Subscription economy quietly booms under lockdown

Published on the 21/10/2020 | Written by Jonathan Cotton


Subscription industry boom

2020 is the year of the accelerated trend…

From health tech to remote working, smart manufacturing to supply chain digitisation, amongst the devastation of Covid-19, new ways of living and working have been coming into their own.

As markets almost universally contract, one area seems to have remained strong – and even thrived – through the uncertainty of 2020: Subscription-based services.

It’s been a quiet revolution, but significant nonetheless.

“Just 8.5 percent of companies are sticking with the traditional model.”

Just as Netflix has changed the way we consume TV and movie media (and chill), the recurring revenue model is changing our relationship to a lot of things.

“The first products to achieve true scale in the subscription economy were digital,” says digi-tech researcher Juniper in its recent Subscription Economy, an analysis of the growth potential and wider impact of the model. “Successes such as Netflix and Spotify popularised the concept beyond traditional subscriptions to periodical publications in the public eye.”

The Netflixification of everything? Let’s not call it that, but whatever you do call it, it’s a model that can apply to a lot of different commercial categories. Generally speaking, services and goods that use the subscription model generally fall into one of three classifications: Replenishment services (razors, FMCG, undies), access services (digital subscriptions such as software or digital streaming) and curation services (pop culture packs, wine etc).

September’s 2020 edition of the Subscription Economy Index (produced by subscription software company Zuora), finds that subscription companies are outperforming their product-based brethren.

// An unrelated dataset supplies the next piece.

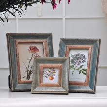 福美林 复古蓝色美式地中海装饰摆件 欧式实木做旧木质相框画框

“Everywhere we look we see new ways the subscription economy is expanding into new spheres and putting down deeper roots as a core part of the global economy,” says Carl Gold, chief data scientist at Zuora.

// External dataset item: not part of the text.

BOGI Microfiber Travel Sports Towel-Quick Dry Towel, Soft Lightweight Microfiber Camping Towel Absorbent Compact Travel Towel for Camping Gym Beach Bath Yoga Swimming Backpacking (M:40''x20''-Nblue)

“We see the subscription economy flourishing far beyond its birthplace in new regions like Europe and Asia. And in the US we are finding the subscription economy is now the leading edge of the national economy, leading in growth rates and leading the way in and out of economic cycles.

“All these data points suggest the subscription economy is getting bigger and more important than anyone expected.”

According to the research, SaaS companies with multiple markets in particular have been enjoying revenue spikes thanks to the subscription model, even while the economy in general shrinks.

“Even as SaaS sales to small businesses slowed due to Covid-19 closures, SaaS companies that serve multiple customer types – consumers, small and medium-sized businesses, and enterprises – reached record account growth.”

These ‘B2Every’ companies saw a huge surge in account growth as Covid-19 requirements drove most companies to quickly adapt and leverage remote workforce solutions.

“Overall, new customer acquisition in B2Every SaaS was nearly 2.4 times that of 2019’s rate.

“This trend is likely to continue.”

In 2020, infinite scalability and hyper-resilience is nothing to sneeze at.

“Evolving customer behaviors and dynamic market conditions mean subscription models are increasingly key to tech companies’ ability to increase revenue streams, build long-term customer relationships and ensure smooth, frictionless delivery of products and services,” say researchers at Ernst & Young.

EY’s research shows a tech industry eager to make the shift, with 12 percent of respondent companies having already shifted to subscriptions, over 50 percent in progress, and almost 30 percent considering it.

“This leaves just 8.5 percent of companies sticking with the traditional model,” says the research.

These are early days of course, and the potential is huge. Gartner predicts that by 2023, 75 percent of organisations that sell direct to consumers will offer subscription services. Juniper says that it expects the market for consumer subscriptions for physical goods to grow from an expected US$64 billion in 2020 to more than US$263 billion in 2025.

“There are few industries that are not amenable to a subscription model, making subscriptions a possibility for many different types of goods.

“Juniper Research expects a global average of two physical goods box subscriptions per subscriber by the end of 2025, in the same way that multiple digital video subscriptions are common.”

For firms planning on developing subscription services however, it’s important to develop the right mindset.

“It’s important to shift growth strategies from ‘landing new customers with hit products’ to ‘expanding relationships with existing customers’,” advises Amy Konary, VP of customer business innovation at Zoura.

“Given the current market conditions, it will be easier to sell to a customer base that is already seeing value from your services than convincing new prospects to invest in a new service. And it’s always less costly to keep an existing customer rather than find a brand new one.”

Similarly, the price to acquire new customers, with a focus on long term relationships, says Konary.

“Pricing and packaging play a key role in subscription success. Given the current market conditions, it’s best that businesses price to increase subscriber acquisition with a long-term monetisation strategy. Typically, this would take the form of entry-level or free tiers that drive adoption and experimentation with logical upsell motions clearly defined.”